- [EXERCISE]
Would you retype the whole listing verbatim, keeping pictures out of it?

- [DATA SEGMENT]
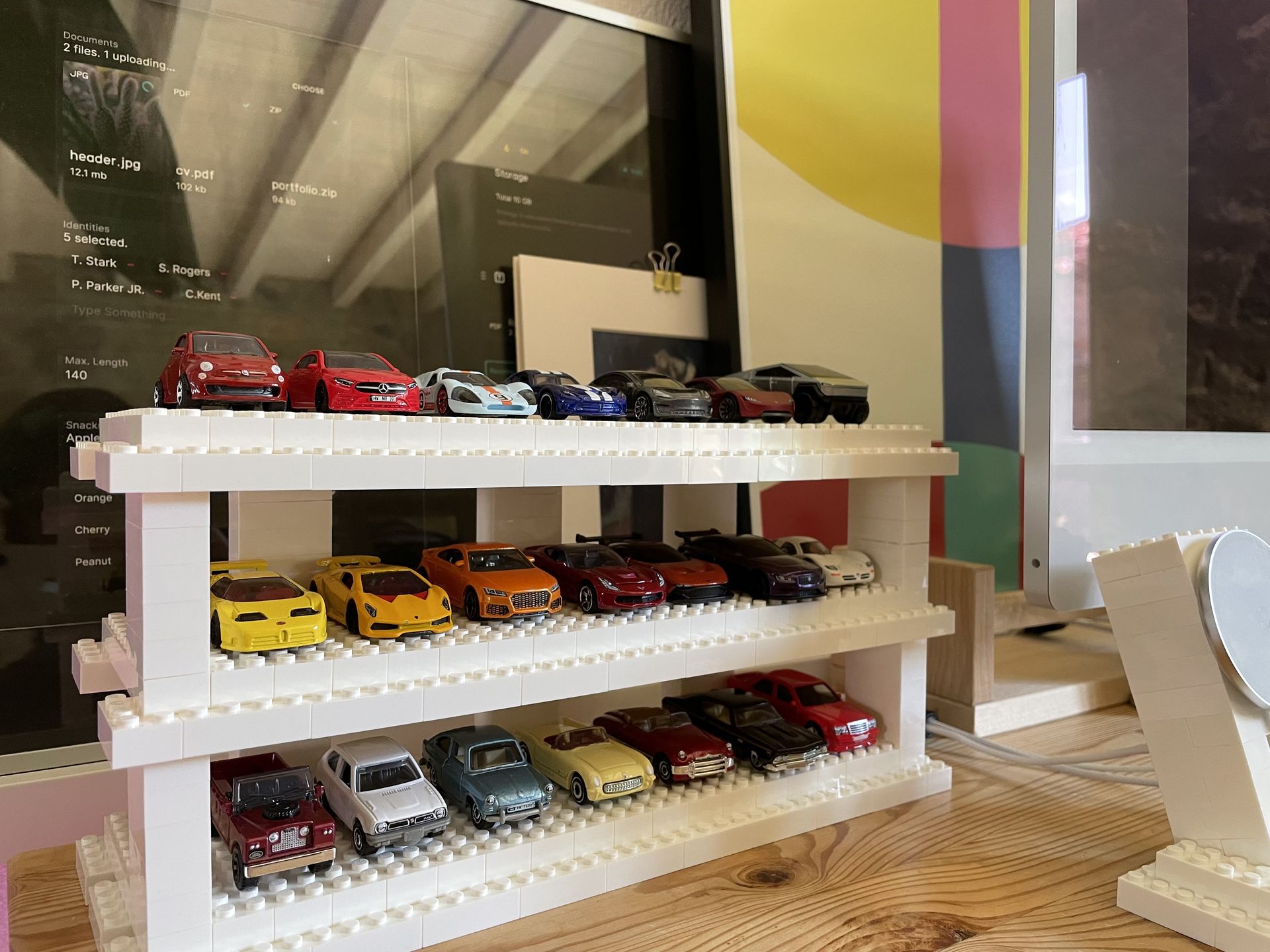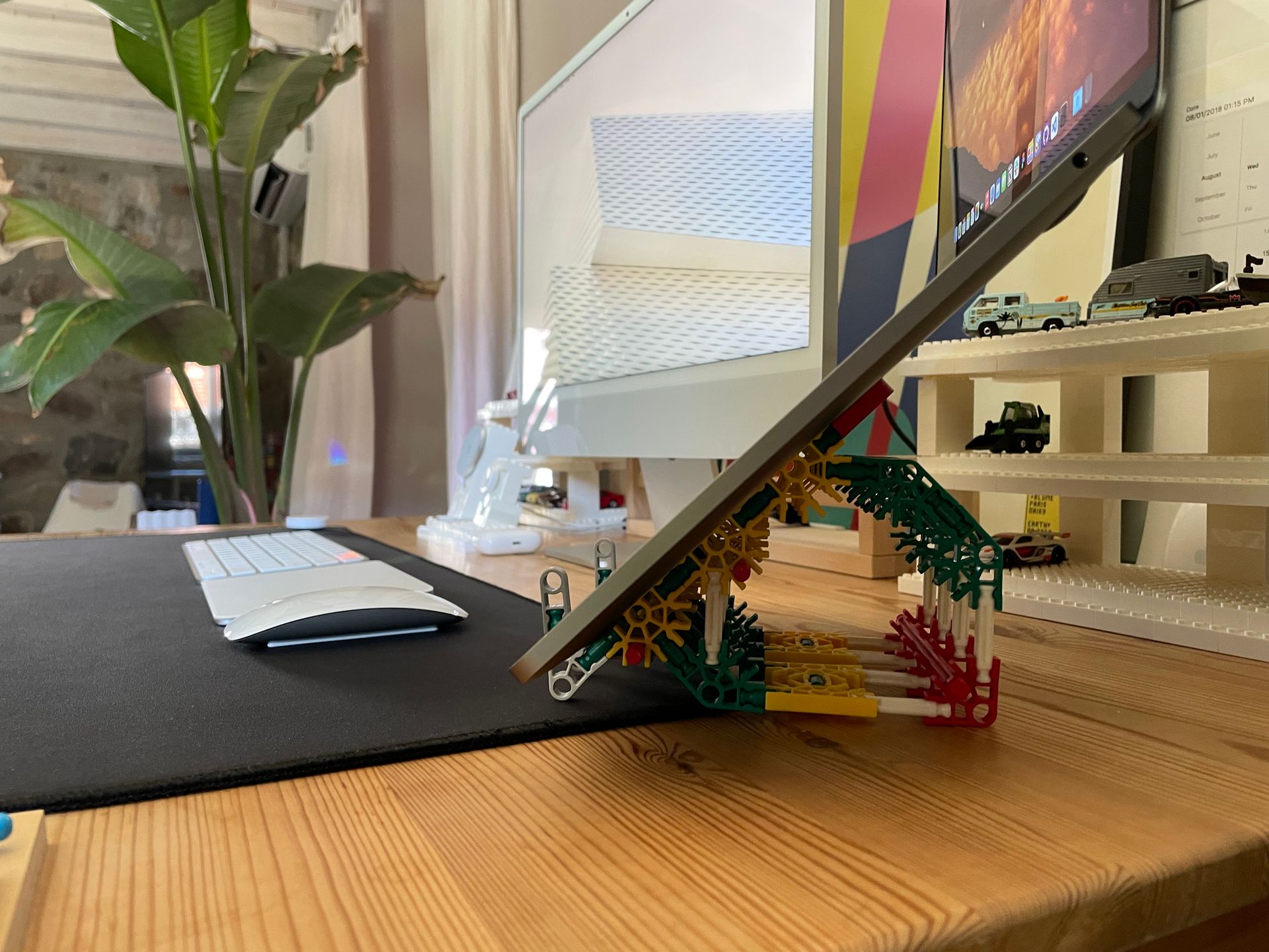 My custom Apple Watch and "Magsafe Morty" Lego chargers and K'nex MacBook Pro stand. (By the way, those Lego and K'nex pieces are from my childhood, you can notice there are several bite marks on them :) )
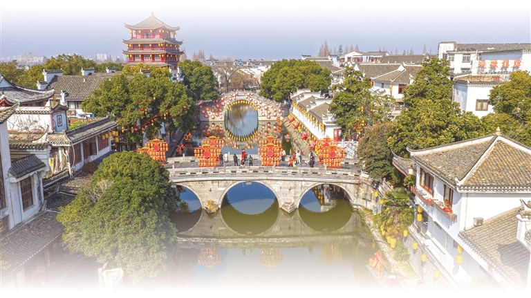 安徽省肥西县三河古镇被装点一新,年味浓厚、游人如织。图片来源:视觉中国
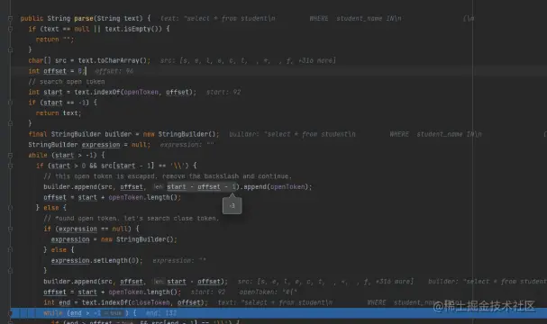 org.apache.ibatis.parsing.GenericTokenParser#parse 对解析出来的 SQL 进行解析
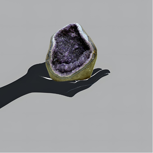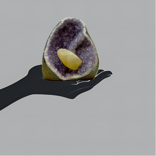 Purple Amethyst Geode with Yellow Dogtooth Calcite | Uruguay | 1,384 g | 130 x 110 x 110 mm.

- [TASK SOLUTION]
 My custom Apple Watch and "Magsafe Morty" Lego chargers and K'nex MacBook Pro stand. (By the way, those Lego and K'nex pieces are from my childhood, you can notice there are several bite marks on them :) )
 安徽省肥西县三河古镇被装点一新,年味浓厚、游人如织。图片来源:视觉中国
 org.apache.ibatis.parsing.GenericTokenParser#parse 对解析出来的 SQL 进行解析
 Purple Amethyst Geode with Yellow Dogtooth Calcite | Uruguay | 1,384 g | 130 x 110 x 110 mm.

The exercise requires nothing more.